*Problem requirements*.
Will you write out, word for word, every line from the one with "嘎歌古道巷窄楼高,头顶挂满了" to the final line of the data below, with the pictures left out?
[[ Excerpted records open ]]
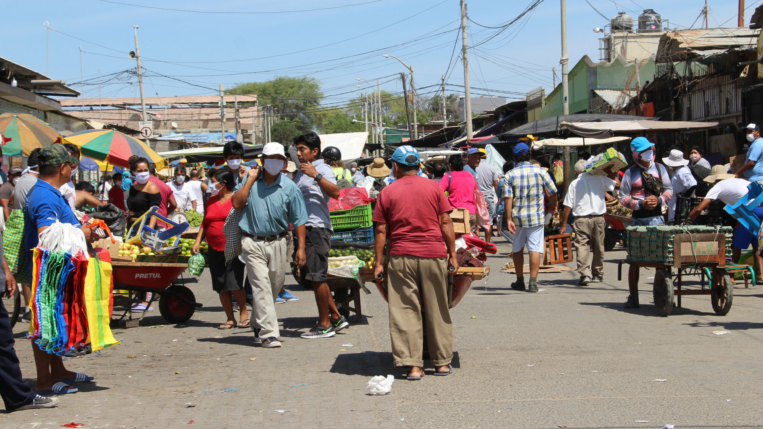 La informalidad también se hizo presente para agravar la crisis en el centro de abasto. Decenas de ambulantes continúan tomando veredas de avenidas como Blas de Atienza Precisamente, la MPP hizo ayer una labor de desinfección de las calles del Complejo de Mercados y por solo unos minutos, los ambulantes retiraron su mercadería de las calles, pero luego las volvieron a ocupar y vender.
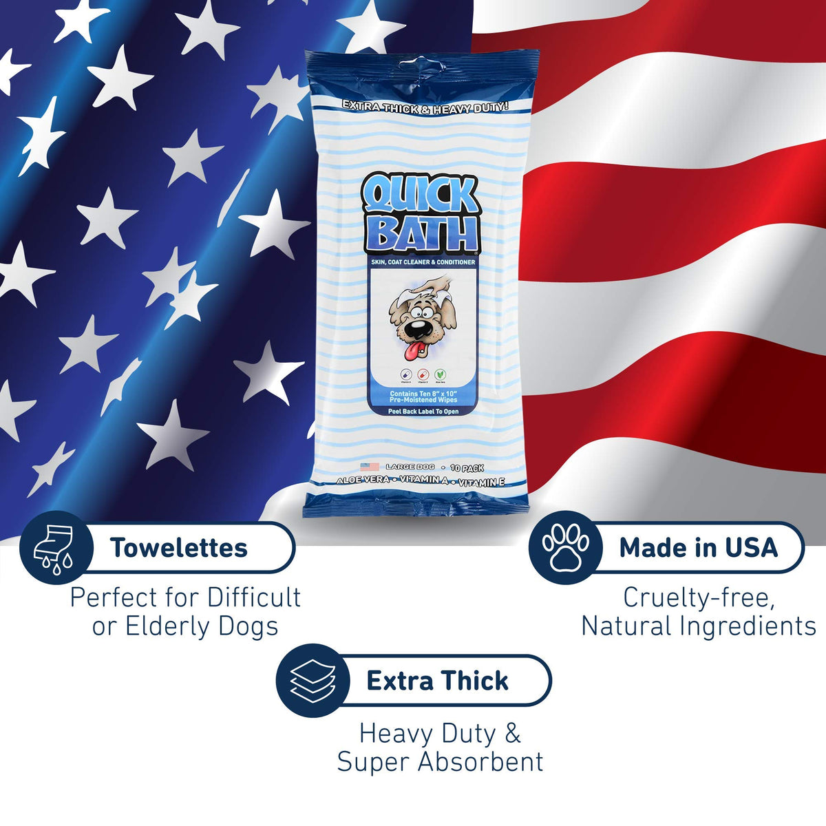 International Veterinary Sciences Ivs Quick Bath Dog Towelettes, Removes Odor, Extra Thick And Heavy Duty For Large Dogs, Made In The Usa, 10 Count Pack
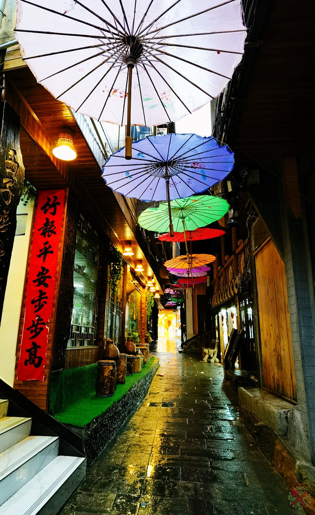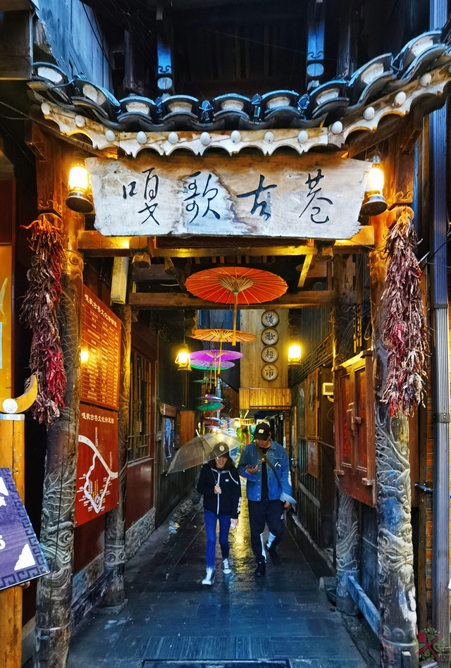 嘎歌古道巷窄楼高,头顶挂满了彩色纸伞,在黑色吊脚楼衬托下,显得格外艳丽夺目。傍晚灯光亮起,把嘎歌古道衬托得美轮美奂,在这里拍低角度照显得人美腿长。
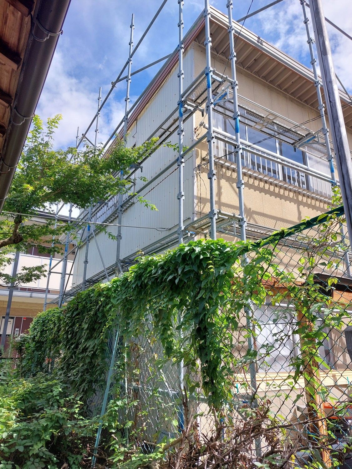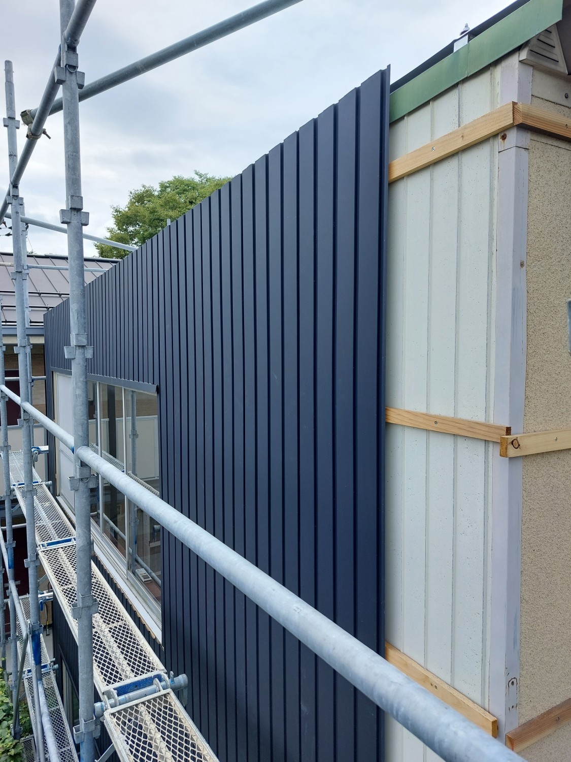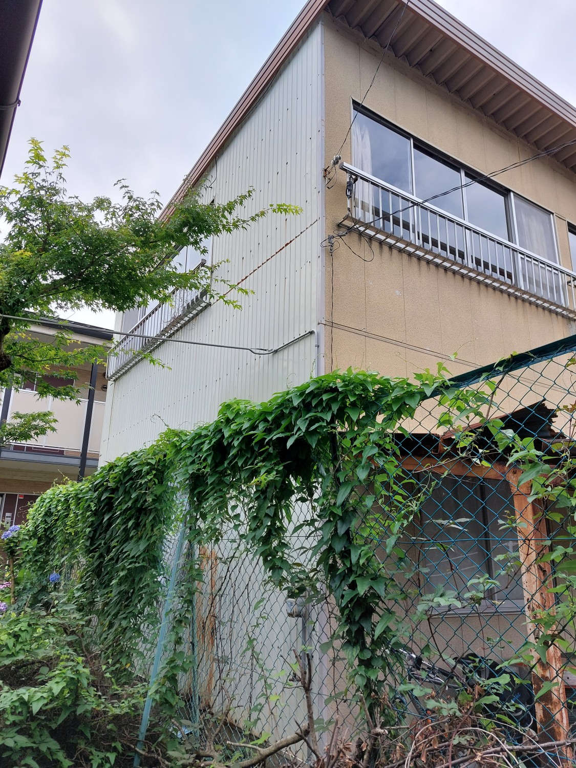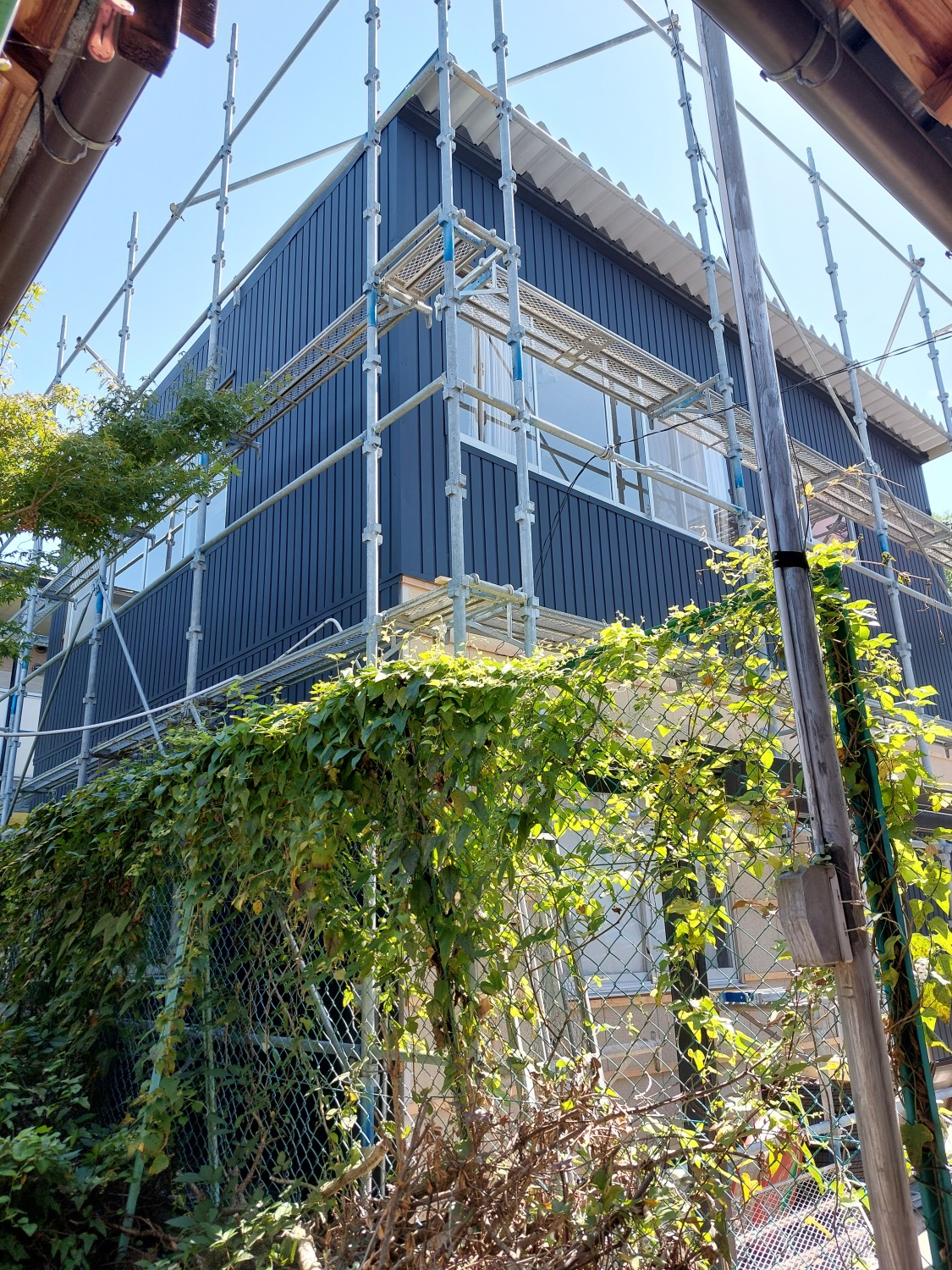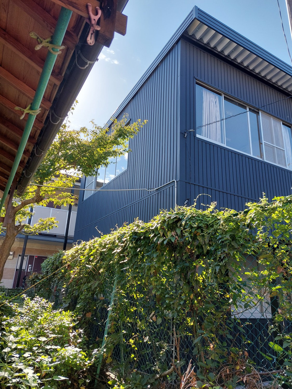 外壁にガルバリウム鋼板で重ね張りをおこないました。
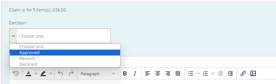 Once you've opened the request, read through the request and then scroll to the bottom to see summary information about the claim. To make your decision, pick one of the options from the drop down list, enter any comments as appropriate and press Update.
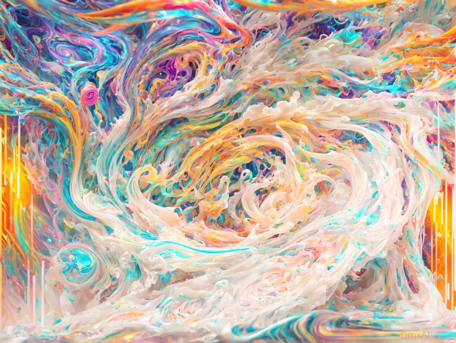 A vibrant digital artwork with swirls of iridescent colors and fluid patterns creating a mesmerizing abstract visual experience.
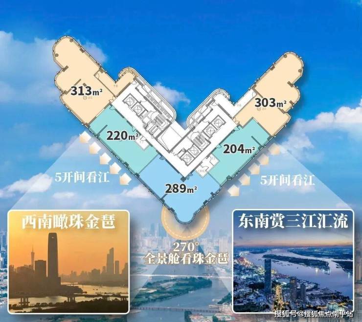 建面约298㎡户型,就更牛了,既有270°全景舱的“珠金琶”景观,同时东南又能看三江汇流浩瀚江景,简直太绝了。
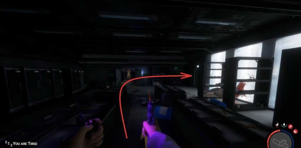 Продолжайте идти прямо, пока не дойдете до области с множеством мутантов и источником света, указывающим путь направо. Затем поверните налево у ряда оранжевых курток. Если вы продолжите идти прямо, вы попадете в комнату с большим водоемом, в котором находится акула. Ребризер находится в конце этой комнаты.
[[ Excerpted records closed ]]
*Task response*.
 嘎歌古道巷窄楼高,头顶挂满了彩色纸伞,在黑色吊脚楼衬托下,显得格外艳丽夺目。傍晚灯光亮起,把嘎歌古道衬托得美轮美奂,在这里拍低角度照显得人美腿长。
 外壁にガルバリウム鋼板で重ね張りをおこないました。
 Once you've opened the request, read through the request and then scroll to the bottom to see summary information about the claim. To make your decision, pick one of the options from the drop down list, enter any comments as appropriate and press Update.
 A vibrant digital artwork with swirls of iridescent colors and fluid patterns creating a mesmerizing abstract visual experience.
 建面约298㎡户型,就更牛了,既有270°全景舱的“珠金琶”景观,同时东南又能看三江汇流浩瀚江景,简直太绝了。
 Продолжайте идти прямо, пока не дойдете до области с множеством мутантов и источником света, указывающим путь направо. Затем поверните налево у ряда оранжевых курток. Если вы продолжите идти прямо, вы попадете в комнату с большим водоемом, в котором находится акула. Ребризер находится в конце этой комнаты.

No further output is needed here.